* WHAT TO DO
Images are not part of the copy; transcribe all the data exactly.

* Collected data
+===+

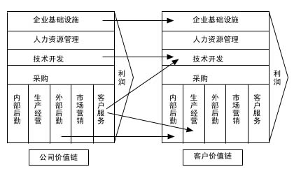 企業(yè)的主要活動都是具有相應價值的,這些活動構成了企業(yè)的價值鏈,企業(yè)價值鏈首先表現(xiàn)為企業(yè)內部的聯(lián)系和支撐,各種活動相互配合,才能產(chǎn)生價值和利潤;其次,企業(yè)的活動和上游供貨商和下游用戶緊密聯(lián)系,相互影響。顯然,供貨商、用戶的各種活動方式能夠直接或者間接地影響企業(yè)的成本、利潤和競爭優(yōu)勢,同樣,企業(yè)的各種活動也將對它們產(chǎn)生很大的影響。
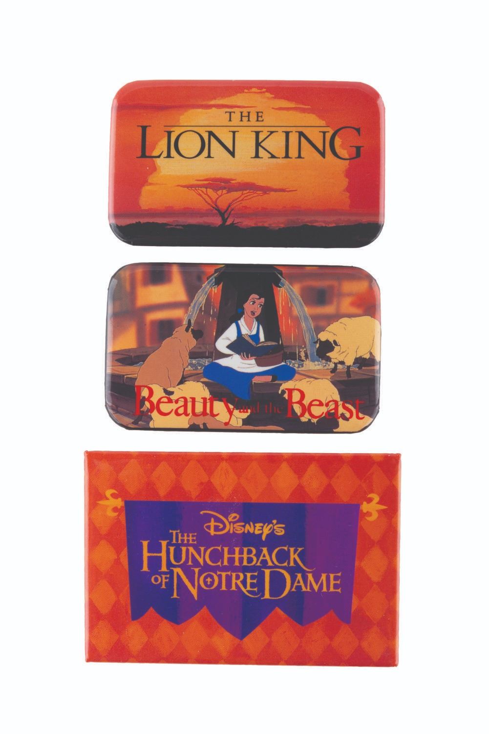 (Disney, 1991-96) Three pinback buttons promoting the releases of "Beauty and the Beast, " "The Lion King, " and "The Hunchback of Notre Dame. " Ranging in size from 1.75 " x 2.75 " to 2.25 " x 3.25 ", the buttons are in good to very good condition with light scratches and oxidation on the reverse from age.
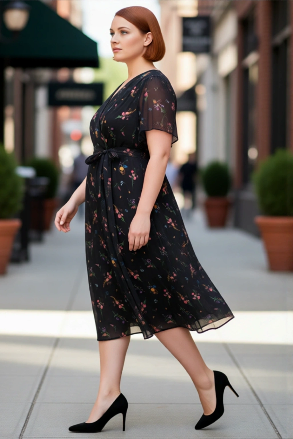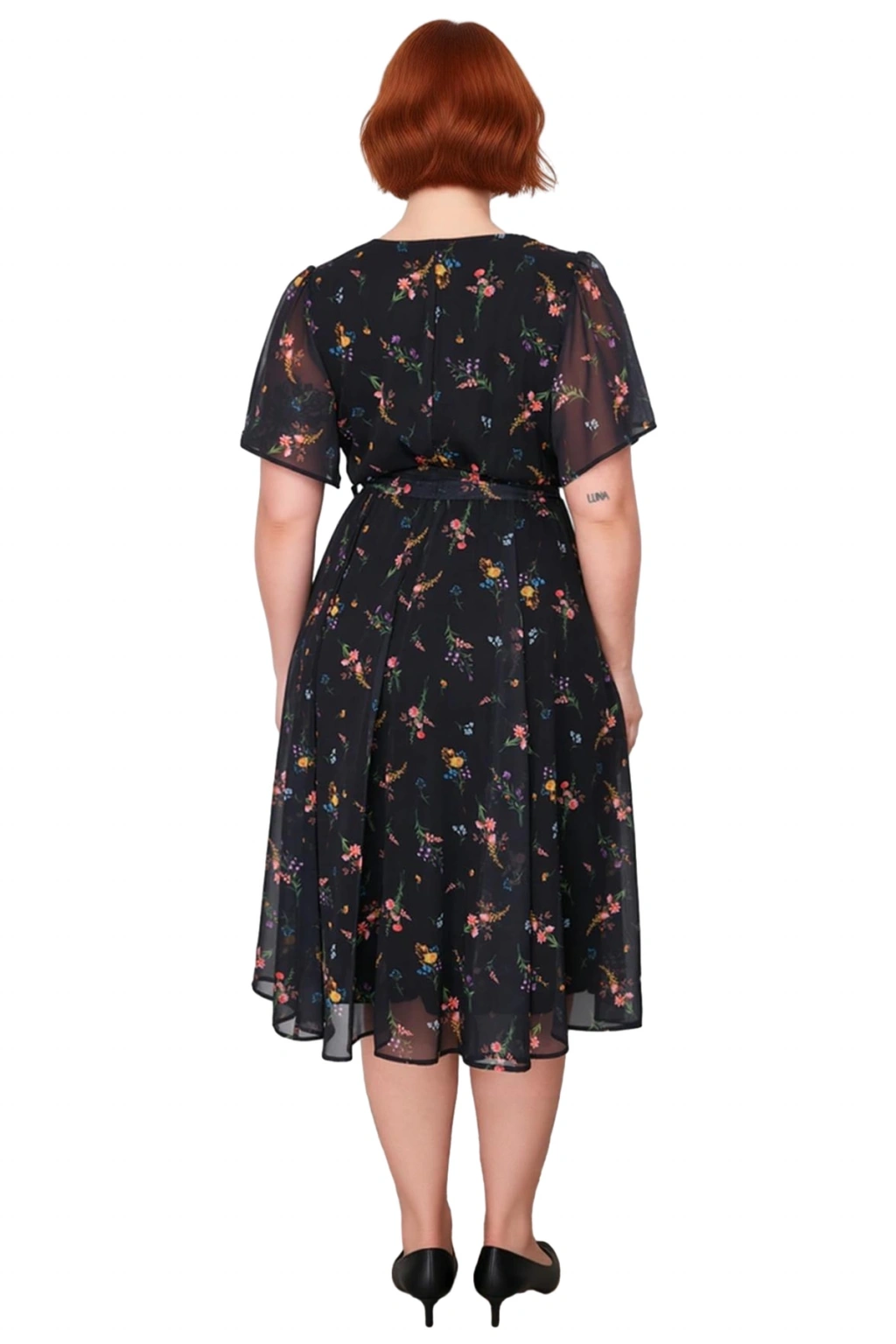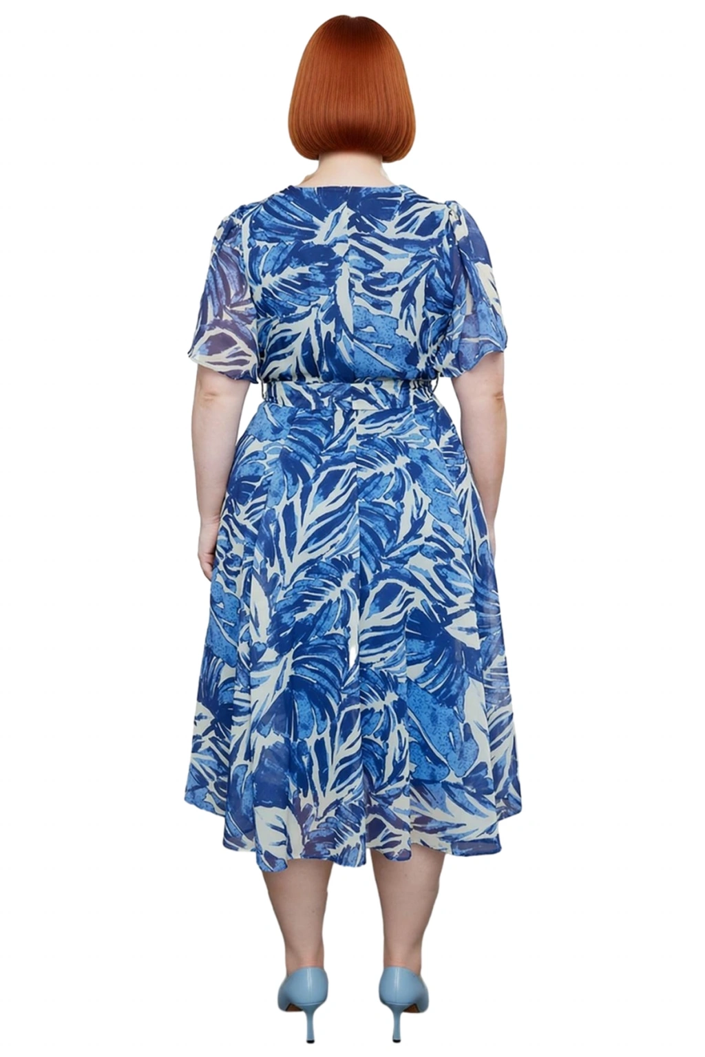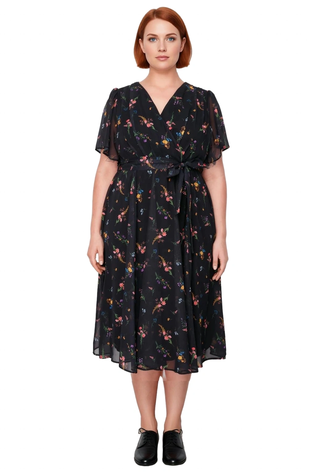Ürün Özellikleri: A-line kalıp, 100% Polyester materyal, çiçekli desen, V yaka, melek kol, dokuma şifon kumaş, çok renkli, astarsız tasarım.
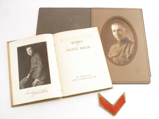 WW1 U.S Army Related Items Small group of WW1 U.S items. Soldiers uniform studio portrait, book of patriotic war poetry 'Rimes In Olive Drab' and a woollen discharge stripe.
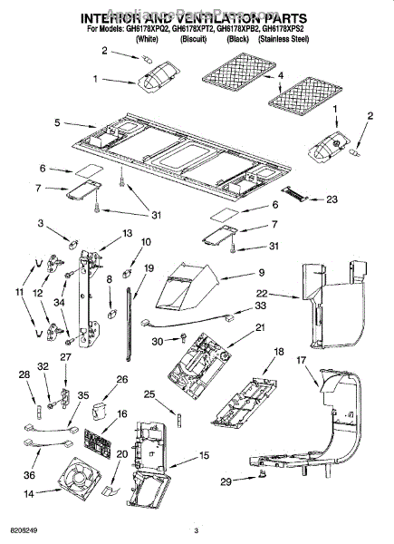 Parts for Whirlpool GH6178XPT2: 03 - Interior And Ventilation Parts

+===+

* RESPONSE TO THE EXERCISE
 企業(yè)的主要活動都是具有相應價值的,這些活動構成了企業(yè)的價值鏈,企業(yè)價值鏈首先表現(xiàn)為企業(yè)內部的聯(lián)系和支撐,各種活動相互配合,才能產(chǎn)生價值和利潤;其次,企業(yè)的活動和上游供貨商和下游用戶緊密聯(lián)系,相互影響。顯然,供貨商、用戶的各種活動方式能夠直接或者間接地影響企業(yè)的成本、利潤和競爭優(yōu)勢,同樣,企業(yè)的各種活動也將對它們產(chǎn)生很大的影響。
 (Disney, 1991-96) Three pinback buttons promoting the releases of "Beauty and the Beast, " "The Lion King, " and "The Hunchback of Notre Dame. " Ranging in size from 1.75 " x 2.75 " to 2.25 " x 3.25 ", the buttons are in good to very good condition with light scratches and oxidation on the reverse from age.
Ürün Özellikleri: A-line kalıp, 100% Polyester materyal, çiçekli desen, V yaka, melek kol, dokuma şifon kumaş, çok renkli, astarsız tasarım.
 WW1 U.S Army Related Items Small group of WW1 U.S items. Soldiers uniform studio portrait, book of patriotic war poetry 'Rimes In Olive Drab' and a woollen discharge stripe.
 Parts for Whirlpool GH6178XPT2: 03 - Interior And Ventilation Parts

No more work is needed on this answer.